I have the following diagonal matrix
$$
\underset{d \times d}{\boldsymbol{W}} = \begin{bmatrix}
\left( y_1 +\dfrac{1 – y_1}{x_1} \right)^{-1} & 0 & \dots & 0 \\
\vdots & \vdots & \ddots & \vdots \\
0 & 0 & \dots & \left( y_d +\dfrac{1 – y_d}{x_d} \right)^{-1}
\end{bmatrix}
$$

and I need to take the derivative of $\boldsymbol{W}$, $\ln \lvert \boldsymbol{W} \boldsymbol{A} \rvert$, and $\boldsymbol{B} \boldsymbol{W}^{-1} \boldsymbol{C}$ with respect to vector $\boldsymbol{x} = (x_1, \dots, x_d)^\top$, where $\boldsymbol{A}, \boldsymbol{B}$, and $\boldsymbol{C}$ are all $d \times d$ matrices. I don't know if it is feasible to do so. Intuitively, if I just take the derivative of a single diagonal entry of $\boldsymbol{W}$, say $\left( y_1 +\dfrac{1 – y_1}{x_1} \right)^{-1}$, with the corresponding $x_1$, I will get
$$-\left( y_1 +\dfrac{1 – y_1}{x_1} \right)^{-2} \left( -\dfrac{1 – y_1}{x^2_1} \right),$$
which I hardly relate a matrix to such a result. Or maybe my linear algebra and matrix calculus skill is not there yet. If anyone has a clue, please help me. Thank you so much.

Best Answer

$\def\c#1{\color{red}{#1}}\def\v{{\rm vec}}\def\d{{\rm diag}}\def\D{{\rm Diag}}\def\o{{\tt1}}\def\p#1#2{\frac{\partial #1}{\partial #2}}$Define the diagonal matrices $$\eqalign{ X &= \D(x), \qquad Y &= \D(y) \\ }$$ Then the $W$ matrix is defined such that $$\eqalign{ W^{-1} &= Y + X^{-1}(I-Y) \\ }$$ and its differential can be calculated as $$\eqalign{ dW^{-1} &= dX^{-1}(I-Y) \\ W^{-1}dW\,W^{-1} &= X^{-1}dX\,X^{-1}(I-Y) \\ dW &= WX^{-1}dX\,\c{X^{-1}(I-Y)}W \\ &= WX^{-1}dX\,\c{(W^{-1}-Y)}W \\ &= WX^{-1}dX\,(I-YW) \\ }$$ Finally, set $\,M=WA\;$ and use Jacobi's formula for your middle function. $$\eqalign{ \lambda &= \log(\det(M)) \\ d\lambda &= M^{-T}:dM \\ &= (WA)^{-T}:dW\,A \\ &= W^{-1}A^{-T}A^T:dW \\ &= W^{-1}:dW \\ &= W^{-1}:WX^{-1}dX\,{(I-YW)} \\ &= X^{-1}(I-YW):dX \\ &= \d\Big(\big(I-YW\big)X^{-1}\Big):dx \\ \p{\lambda}{x} &= \d\Big(\big(I-YW\big)X^{-1}\Big) \;=\; \big(\o-y\odot w\big)\oslash x \\ }$$ That was the simple function. The problem with the remaining functions is that a matrix-by-vector gradient is a third-order tensor, which cannot be represented in standard matrix notation.

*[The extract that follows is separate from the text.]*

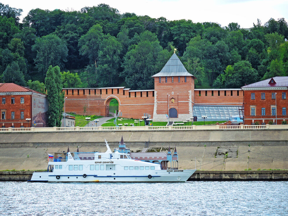Продолжаю рассказ о моём путешествии по Волге в 2015 году. Начало с общей информацией - по ссылке ниже. В кадре - 18 июля 2015 года. Мы знакомимся с Нижним Новгородом и отправляемся на речную прогулку, чтобы посмотреть на город с реки. Я искал особый маршрут - с заходом в Оку. Не знаю, как сейчас с такими маршрутами, а тогда я нашёл его с трудом. Основная масса теплоходов ходила только по Волге. Отправление происходило с причала около памятника «Катер «Герой». Сейчас, насколько я знаю, здесь швартуются круизные теплоходы, скорее всего, если такие рейсы и есть, то начинаются они где-то в другом месте. От радости, что нашёл то, что искал, не запечатлел ни причал, ни теплоход. Поэтому сразу начинаем осмотр набережной. Мы движемся вверх по Волге в сторону стрелки рек и к устью Оки. Первая достопримечательность на нашем пути - Зачатьевская башня кремля. Самая нижняя. Этот участок стены - самый нестабильный, долгое время был просто разрушен. Башню и часть стены восстановили в 2012 году. Изда

However, since $W$ is diagonal we can calculate the gradient of $w=\d(W)$ with respect to $x$. $$\eqalign{ dw &= \d(dW) \\ &= \d\Big(WX^{-1}dX\,(I-YW)\Big) \\ &= \left(WX^{-1}(I-YW)\right)dx \\ &= \big(W-YW^2\big)X^{-1}\,dx \\ \p{w}{x} &= \big(W-YW^2\big)X^{-1} \\\\ }$$ To tackle the final function note that $$\eqalign{ Q &= W^{-1} \\ dQ &= -X^{-1}dX\,X^{-1}(I-Y) \\ dq &= \d(dQ) \;=\; (Y-I)X^{-2}\,dx \\ }$$ Then vectorize the matrix using the Khatri-Rao product. $$\eqalign{ P &= BW^{-1}C \\&= BQC \\ p &= \v(P) \\ &= \left(C^T\boxtimes B\right) q \\ dp &= \left(C^T\boxtimes B\right)\,dq \\ &= \left(C^T\boxtimes B\right)(Y-I)X^{-2}\,dx \\ \p{p}{x} &= \left(C^T\boxtimes B\right)(Y-I)X^{-2} \\ }$$


In the steps above, $\odot$ denotes the elementwise/Hadamard product, $\oslash$ denotes Hadamard division, and a colon denotes the trace/Frobenius product, i.e. $$\eqalign{ A:B &= {\rm Tr}(AB^T) \;=\; \sum_{i=1}^m \sum_{j=1}^n A_{ij} B_{ij} \\ A:A &= \big\|A\big\|^2_F \\ }$$ The properties of the underlying trace function permit the terms in such a product to be rearranged in several equivalent ways $$\eqalign{ A:B &= B:A = B^T:A^T \\ CA:B &= C:BA^T = A:C^TB \\ }$$ Note that the matrix on each side of the colon must have the same dimensions.

The Khatri-Rao product can be defined as $$\eqalign{ C^T\boxtimes B &= (C^T\otimes\o)\odot(\o\otimes B) \;\in\; {\mathbb R}^{n^2\times n} \\ }$$ where $\otimes$ denotes the Kronecker product and $\,\o=\d(I)\,$ is the all-ones vector.